Benustiano Carranza es recordado en los libros de texto como un estadista aburrido, el hombre de la Constitución, pero nadie brinda por él en las cantinas. No hay canciones populares que celebren su barba blanca ni su astucia política. Su legado es de papel y tinta. Álvaro Obregón, el genio militar invencible, es recordado por su brazo perdido y su muerte grotesca en un restaurante.
Su nombre está en avenidas y presas, pero su figura inspira más respeto frío que amor. Plutarco Elías Calles, el arquitecto del poder, es visto hoy como el padre de un sistema político que muchos llegaron a odiar. Su final en el exilio y en pijama le quitó el aura de grandeza. Y Pancho Villa, el perdedor, el bandido, el hombre traicionado por todos.
Él ganó la inmortalidad. Villa no vive en los monumentos de piedra, vive en la sangre de la cultura popular. 100 años después de su muerte, su rostro sigue apareciendo en murales, en camisetas, en tatuajes. Se le componen corridos nuevos cada año. En Parral, cada julio, miles de personas recrean su funeral llorando como si hubiera muerto ayer.
Incluso en Estados Unidos, el país que invadió a bares y parques con su nombre, la maldición de la sangre que persiguió a sus traidores, nos enseña una lección brutal sobre la naturaleza del poder. La traición puede comprarte una presidencia, puede comprarte un palacio, un tren dorado o unos años de control absoluto, pero no puede comprarte la eternidad.

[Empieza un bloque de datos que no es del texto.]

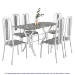 3 es Conjunto de Mesa 6 Cadeiras Tampo Granito Athenas Fabone – Branco Prata/ Vegetale Cód.
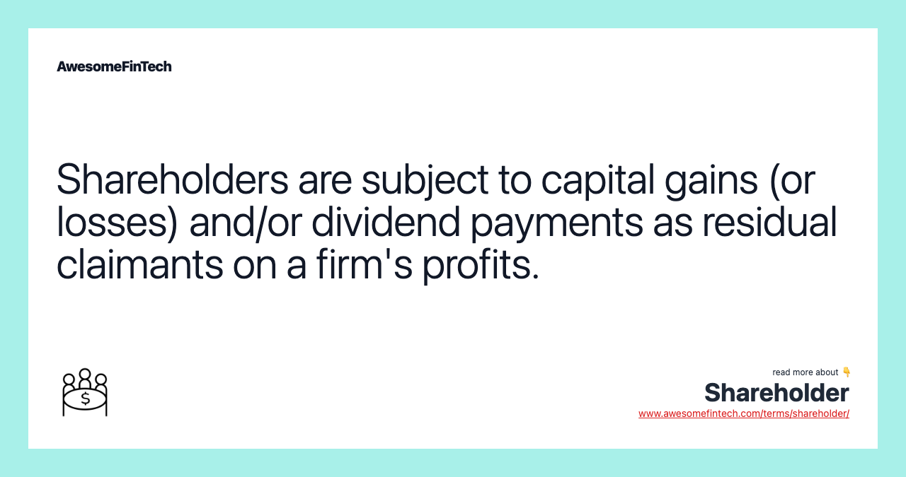 A shareholder also referred to as a stockholder, is a person, company, or institution that owns at least one share of a company's stock, known as equity. Because shareholders are essentially own the company, they reap the benefits of a business's success. These rewards come in the form of increased stock valuations or as financial profits distributed as dividends.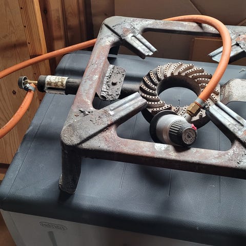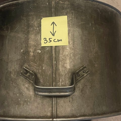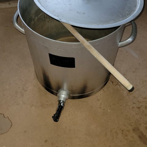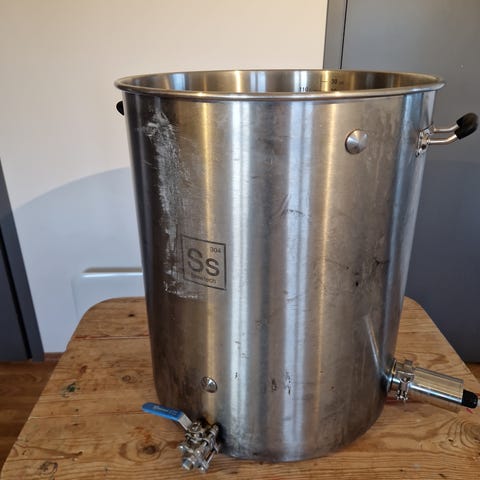 75 liters kjele laget av rustfritt stål med innebygd termometer og tri-clamp tappekran.

Huerta, Urbina, Herrera, Carranza, Obregón, Calles. Todos creyeron que al eliminar a Villa estaban eliminando un obstáculo para su ambición. No entendieron que Villa no era un hombre, era una fuerza de la naturaleza, era la rabia del pueblo hecha carne. Y no se puede asesinar a un terremoto, no se puede decapitar a una tormenta.

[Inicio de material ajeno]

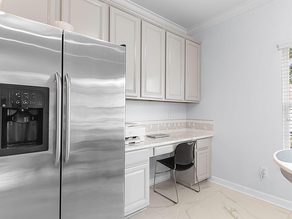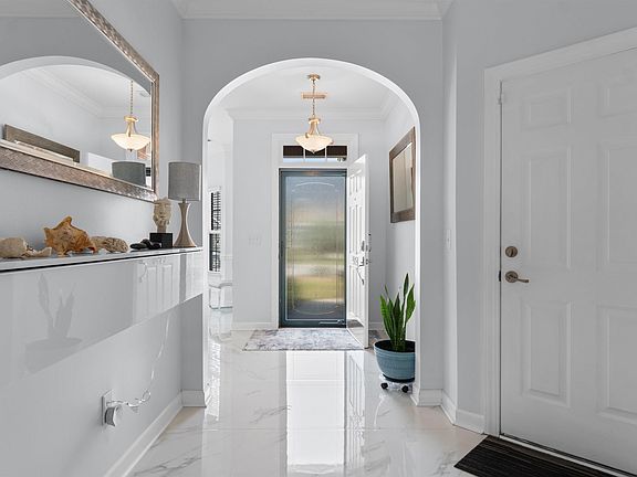 This stunning one-level, 3-bedroom, 2.5-bath home sits beautifully on a corner lot with a 2-car garage, blending timeless charm with modern updates. Elegant archways, crown moulding, and new tile flooring with an anti-fracture membrane flow through the main living areas, creating a bright and inviting atmosphere. The living room is a welcoming centerpiece with a cozy corner fireplace and a striking propeller-style ceiling fan that adds contemporary flair. The formal dining room, detailed with classic wainscoting, is perfect for intimate dinners or festive gatherings. The brand-new kitchen is a chef’s dream, featuring two-tone cabinetry in soft neutral tones, a coordinating backsplash, new countertops, new flooring, and a center island. A breakfast nook, built-in desk, and large walk-in pantry provide both functionality and style, while stainless steel appliances make everyday cooking a breeze. A dedicated laundry room with a reverse osmosis water system adds convenience and efficiency to daily routines. The primary suite is a serene retreat, complete with a tray ceiling, LVT flooring, dual walk-in closets, and a spa-like en suite with dual sinks and a walk-in shower. Bedrooms two and three also feature LVT flooring, and the fully updated hall bath offers comfort-height countertops and a walk-in shower, perfectly designed for ease and comfort—no carpet throughout the home. A peaceful Carolina room, currently used as a yoga and meditation space, invites relaxation and can easily serve as a bonus room, office, or quiet retreat. The screened-in porch provides an additional space to enjoy morning coffee or evening sunsets, making indoor-outdoor living effortless. Additional highlights include hurricane shutters, mature landscaping with curbscape edging, and a security system. Clear Pond residents enjoy resort-style amenities, including multiple pools, a clubhouse, fitness center, and playgrounds—making this move-in ready home the perfect combination of comfort, style, and lifestyle.

Ellos murieron protegiendo sus intereses, sus egos y sus sillas presidenciales. Y Villa murió y vivió por algo más grande, aunque fuera caótico y violento. Al final, la tumba vacía en Parral y la urna sin cabeza en la Ciudad de México no son símbolos de derrota. Son la prueba de que Pancho Villa se les escapó una vez más. Se escapó de sus asesinos, se escapó de la historia oficial y se escapó del olvido.
Mientras los nombres de sus traidores se desvanecen lentamente en el polvo de los archivos, el grito que resonó en Columbus, en Zacatecas y en aquella esquina fatal de Parral sigue vivo. Un grito que no pide permiso y que no conoce la traición. Viva villa!